Sonntag, 22. März 2015

[KINO FFFnights] The Guest (2014)

http://www.imdb.com/title/tt2980592/

Der Sohn der Petersons ist im Afghanistankrieg gefallen. Die Familie trauert noch, als ein Unbekannter namens David (Dan Stevens) vor ihrer Tür steht und sich als ehemaliger Kamerad vorstellt. Er will der Familie Trost spenden und wird von Mutter Laura (Sheila Kelley) eingeladen, ein paar Tage zu bleiben. David erzählt von der Zeit, die er mit dem Verstorbenen verbracht hat, freundet sich bei ein paar Bier mit dem Vater (Leland Orser) an, hilft dem Einzelgänger Luke (Brendan Meyer) mit ein paar Schlägern in der Schule fertigzuwerden und wird auch von Tochter Anna (Maika Monroe) für einen ziemlichen Traumtypen gehalten.
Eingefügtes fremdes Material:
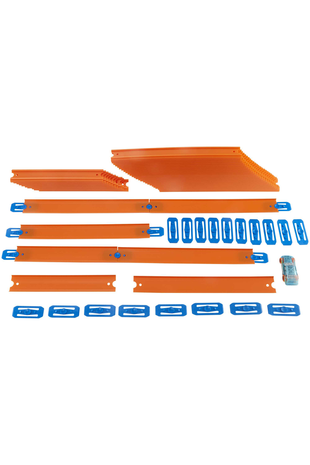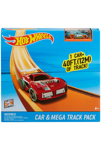 Mega Track Pack includes a whopping 40-feet of track, multiplying the customizing action to the max! Inspire kids to embrace challenge and rev creativity by building their own epic Track Builder world and customizing it with the perfect accessories. The Track Builder Mega Track Pack includes a Hot Wheels car for fuelling fun right out of the box. Includes 43 easy connection connectors, and 40-feet of straight track with two different lengths! Send cars blasting along the track and speeding through the straightaways. Ignite competition and see which car has what it takes to win! Connects to other sets in the Track Builder system (sold separately) to create stunts, race with friends, and enhance customization.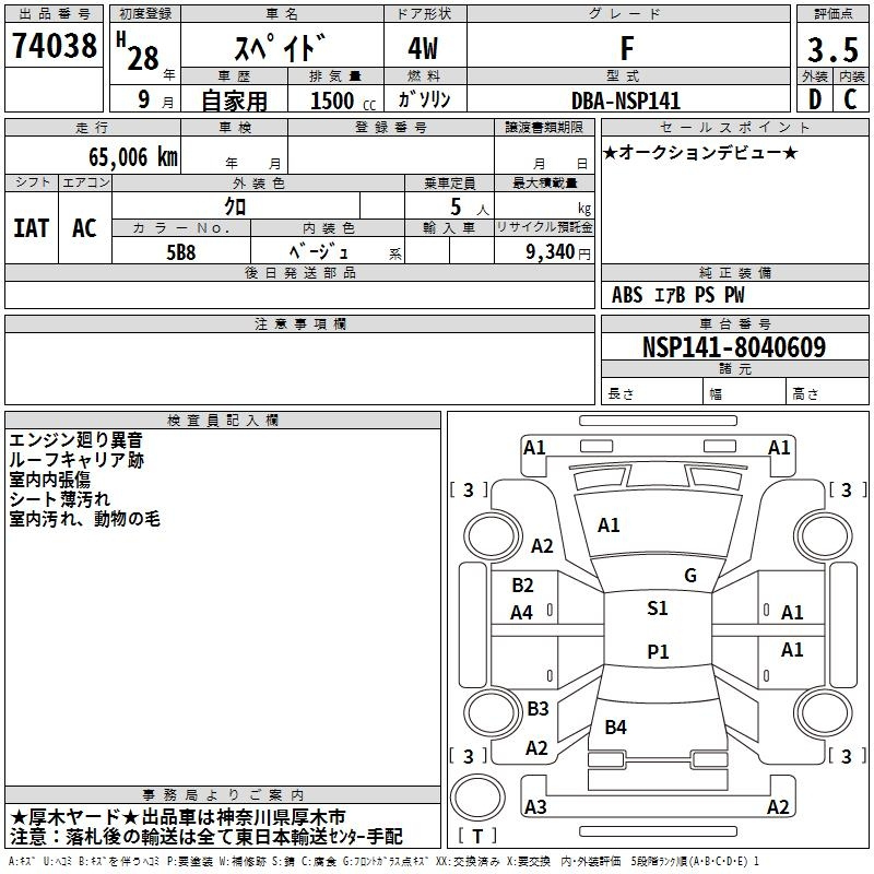 Toyota Spade, 2016 года - Лот№74038 ★3.5

Doch der Gast ist nicht, was er vorgibt zu sein, und nach einigen ungewöhnlichen Ereignissen werden die Petersons misstrauisch... 

Was für eine grandiose Mimik Dan Stevens hat ist unfassbar! Der Hauptdarsteller von "The Guest" hatte zumindest mich schon bei seinem ersten Lächeln. Sein "David" wirkt zunächst charmant und attraktiv, aber auch kühl und geheimnisvoll. Und genau von dieser Wechselwirkung profitiert auch der gesamte Streifen. Regisseur Adam Wingard zeigt nach dem tollen "You're Next" erneut eindrucksvoll, wie man auch ohne großes Budget in den Händen erstklassige Filme drehen kann. Er setzt hier auf einen spürbaren Retro-Flair, indem er sein Werk an Genre-Vorbilder aus den 80ern anlehnt und vor allem auf einen tollen Soundtrack setzt, der sich aus Dubstep- und Synthie-Pop-Melodien zusammensetzt. Gegen Nicolas Winding Refns "Drive" zieht der Film natürlich klar den Kürzeren, dennoch sind die ständigen Vergleiche nicht völlig aus der Luft gegriffen, wenn man alleine schon die Optik und Performance des Hauptdarstellers sowie den extrem coolen Soundtrack begutachtet, der seit der Sichtung bei mir hoch und runter läuft. 

Die Handlung lebt davon, dass man ständig rätselt, in welche Richtung diese verlaufen wird und was sich hinter der mysteriösen Fassade von David verbirgt. Dazu trägt vor allem das bereits erwähnte fantastische Schauspiel von Hauptdarsteller Dan Stevens bei, der mit seiner sympathischen, kühlen und gleichzeitig rätselhaften Art ein wenig an die Ausstrahlung eines Ryan Gosling erinnert und hier neben dem ansonsten ebenfalls gut gewählen Cast deutlich hervorsticht. 

Die Auflösung, die gegen Ende geliefert wird, ist allerdings nicht allzu originell und überzeugend. Die Schockwirkung und Wucht, die der Streifen aber im letzten Drittel dadurch entfaltet, dürfte viele Zuschauer kalt erwischen sowie für verwunderte Reaktionen sorgen und ist deshalb überraschend wie beeindruckend zugleich. "The Guest" von Regisseur Adam Wingard und Drehbuchautor Simon Barrett ist ein Action-Thriller der außergewöhnlicheren Sorte. Auch wenn am Ende nicht alles zu 100% stimmig zusammengeführt wird und einige Ungereimtheiten übrig bleiben, ist der Streifen aufgrund der stimmigen Inszenierung mitsamt tollem Soundtrack, einigen überraschenden Einbrüchen und dem fantastischen Schauspiel von Dan Stevens unbedingt sehenswert. Für den charismatischen Dan Stevens in der psychopathischen und titelgebenden Hauptrolle dürfte "The Guest" wohl das Sprungbrett für größere Filme sein - und das hätte er sich auch redlich verdient. "The Guest" ist ein ganz starker Genrestreifen, der ansprechend langsam in Fahrt kommt und ordentlich Stimmung aufbaut, um dann später hemmungslos drauflos zu wüten. Kompromisslos, blutig, etwas schwarzhumorig und sehr, sehr böse... klasse!